Task to carry out
Print every entry exactly as written and exclude all images.

Extracted data entries
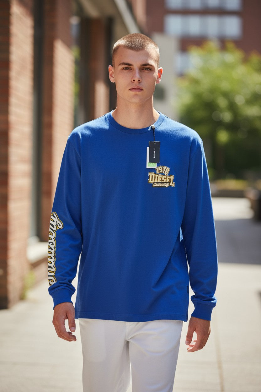 DIESEL T-Diegos-LS-K27 Men T-Shirt M Mid Blue Pullover Crew Collar
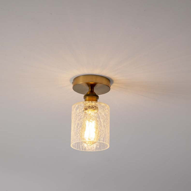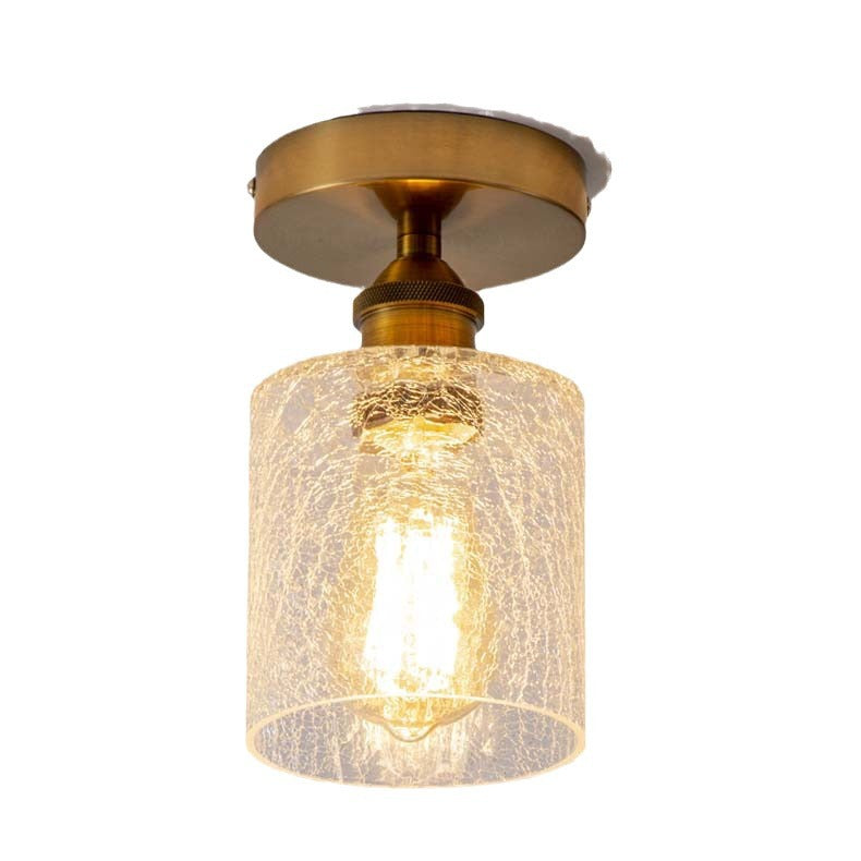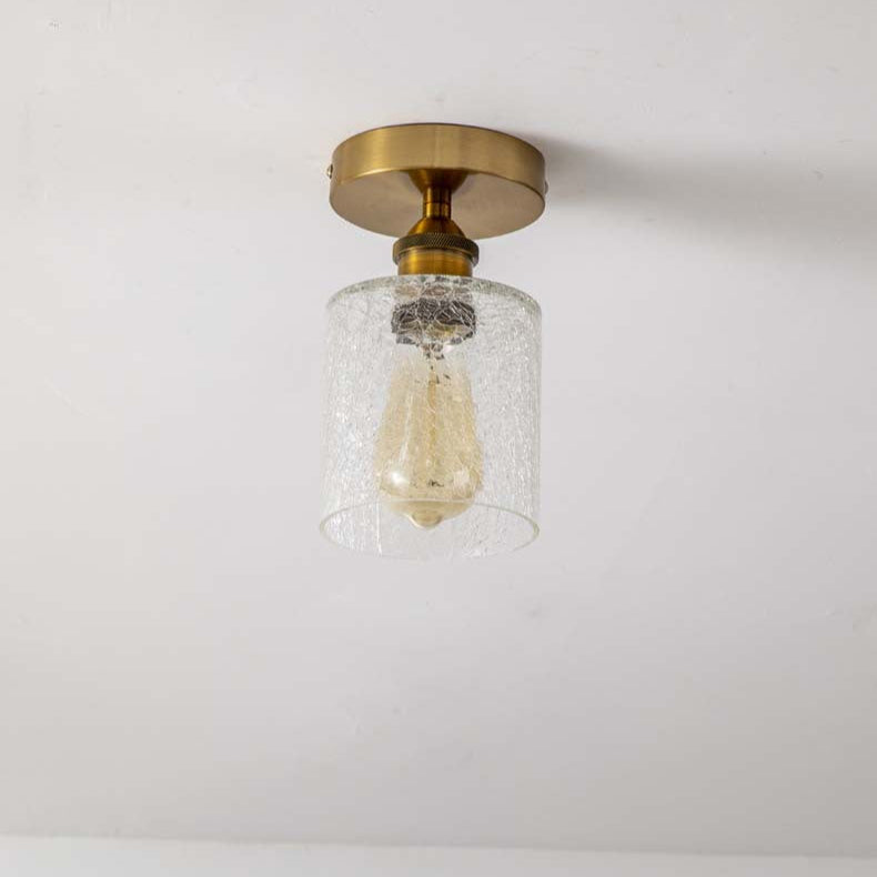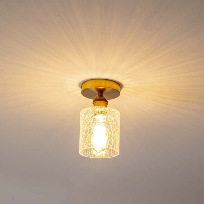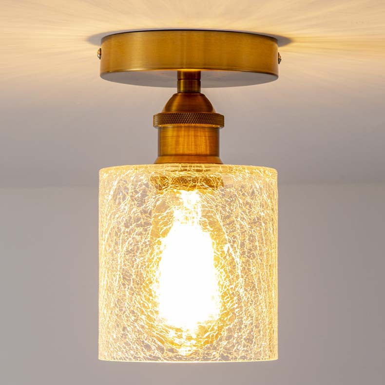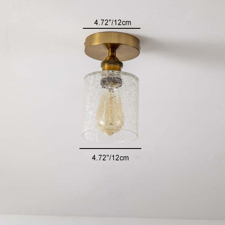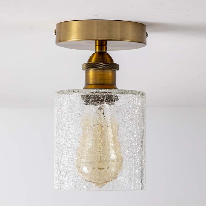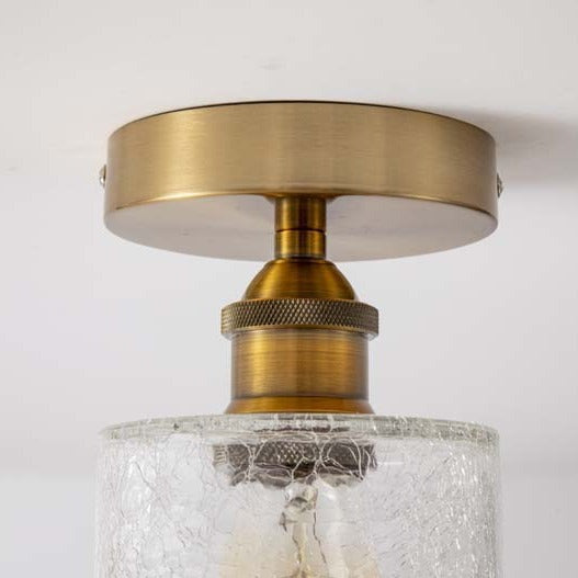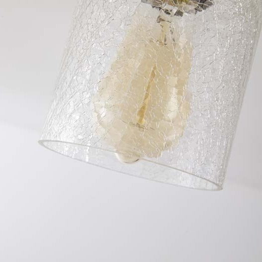 Contemporary Retro Cracked Glass Iron Cylinder 1-Light Semi-Flush Mount Ceiling Light For Living Room
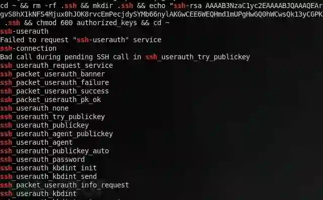 完成认证之后,攻击者立刻通过SSH执行了系统命令,而且所有命令都是通过实际的SSH命令传递进来的,因为我的系统是一个安装了自定义OpenSSH版本的蜜罐,所以我们可以查看到攻击者执行的命令:
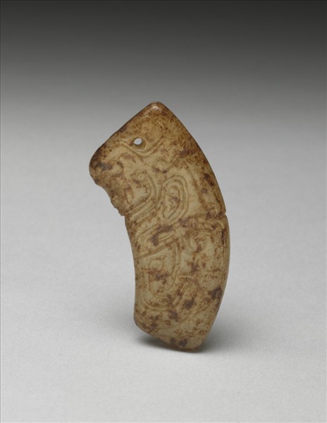 青玉雕刻而成,玉質溫潤,受沁染而帶深淺褐色斑點。全器為一帶弧形片狀,兩端寬窄不一,較寬一端有穿孔;器表刻側身神人面紋,雙面紋飾對稱。
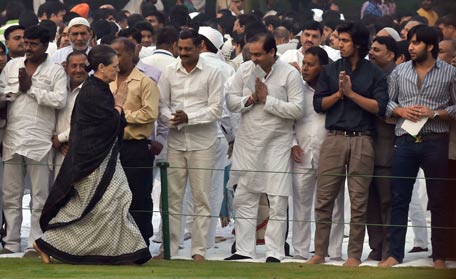 Sonia, dressed in a sombre black-and-grey sari, was accompanied by her son, Rahul, 44, heir to the Congress dynasty, which dominated India's post-independence politics.
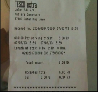 GST dalam resit parking tesco itu merujuk kepada Government Service Tax (6%)
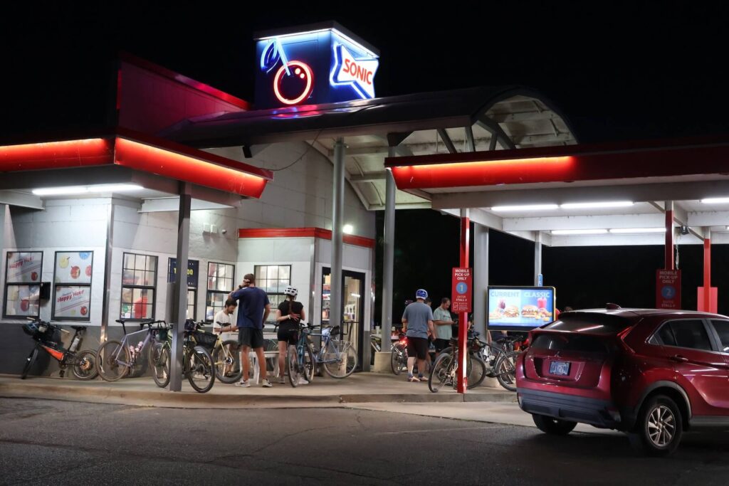 The ride was about about 25 miles round trip, with our turnaround point being SONIC, a hamburger chain that originated in Oklahoma. SONIC is traditionally a drive-in rather than a drive-through—you park, order through a speaker, and staff bring your food out to the car. It’s a very American, car-centric setup. The location we visited used a drive-through format, but as a cyclist, I could order at the speaker out front and they brought the food over. I ordered the recommended double cheeseburger. I don’t remember the price, but it was genuinely good.
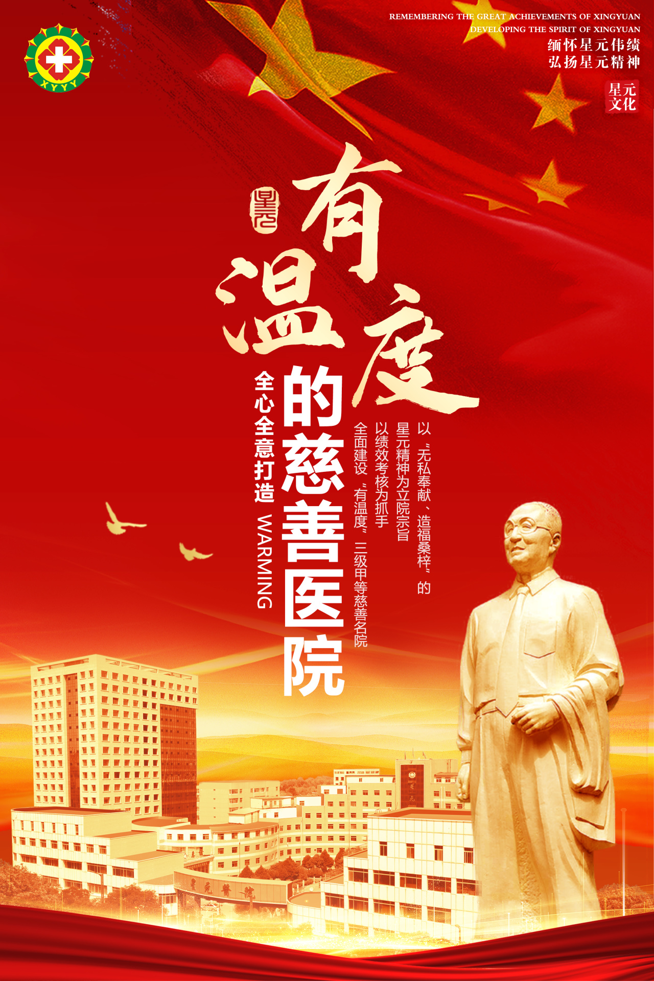 医院以习近平新时代中国特色社会主义思想为根本遵循,深入贯彻党的二十大及二十届历次全会精神,不断深化党建与业务融合,推出“党员进社区1+1+1”“健康细胞宣讲团”“支部助力乡村振兴”“星元医院大病救助基金”“信易医”“红培星元 健康365”六个特色党建品牌,通过义诊、科普等惠民举措,为群众提供健康保障,增强群众获得感。连续26年资助困难大学生,推进大学生暑期社会实践项目,提供实习岗位,开展学雷锋等活动,践行社会责任。

Response
 DIESEL T-Diegos-LS-K27 Men T-Shirt M Mid Blue Pullover Crew Collar
 Contemporary Retro Cracked Glass Iron Cylinder 1-Light Semi-Flush Mount Ceiling Light For Living Room
 完成认证之后,攻击者立刻通过SSH执行了系统命令,而且所有命令都是通过实际的SSH命令传递进来的,因为我的系统是一个安装了自定义OpenSSH版本的蜜罐,所以我们可以查看到攻击者执行的命令:
 青玉雕刻而成,玉質溫潤,受沁染而帶深淺褐色斑點。全器為一帶弧形片狀,兩端寬窄不一,較寬一端有穿孔;器表刻側身神人面紋,雙面紋飾對稱。
 Sonia, dressed in a sombre black-and-grey sari, was accompanied by her son, Rahul, 44, heir to the Congress dynasty, which dominated India's post-independence politics.
 GST dalam resit parking tesco itu merujuk kepada Government Service Tax (6%)
 The ride was about about 25 miles round trip, with our turnaround point being SONIC, a hamburger chain that originated in Oklahoma. SONIC is traditionally a drive-in rather than a drive-through—you park, order through a speaker, and staff bring your food out to the car. It’s a very American, car-centric setup. The location we visited used a drive-through format, but as a cyclist, I could order at the speaker out front and they brought the food over. I ordered the recommended double cheeseburger. I don’t remember the price, but it was genuinely good.
 医院以习近平新时代中国特色社会主义思想为根本遵循,深入贯彻党的二十大及二十届历次全会精神,不断深化党建与业务融合,推出“党员进社区1+1+1”“健康细胞宣讲团”“支部助力乡村振兴”“星元医院大病救助基金”“信易医”“红培星元 健康365”六个特色党建品牌,通过义诊、科普等惠民举措,为群众提供健康保障,增强群众获得感。连续26年资助困难大学生,推进大学生暑期社会实践项目,提供实习岗位,开展学雷锋等活动,践行社会责任。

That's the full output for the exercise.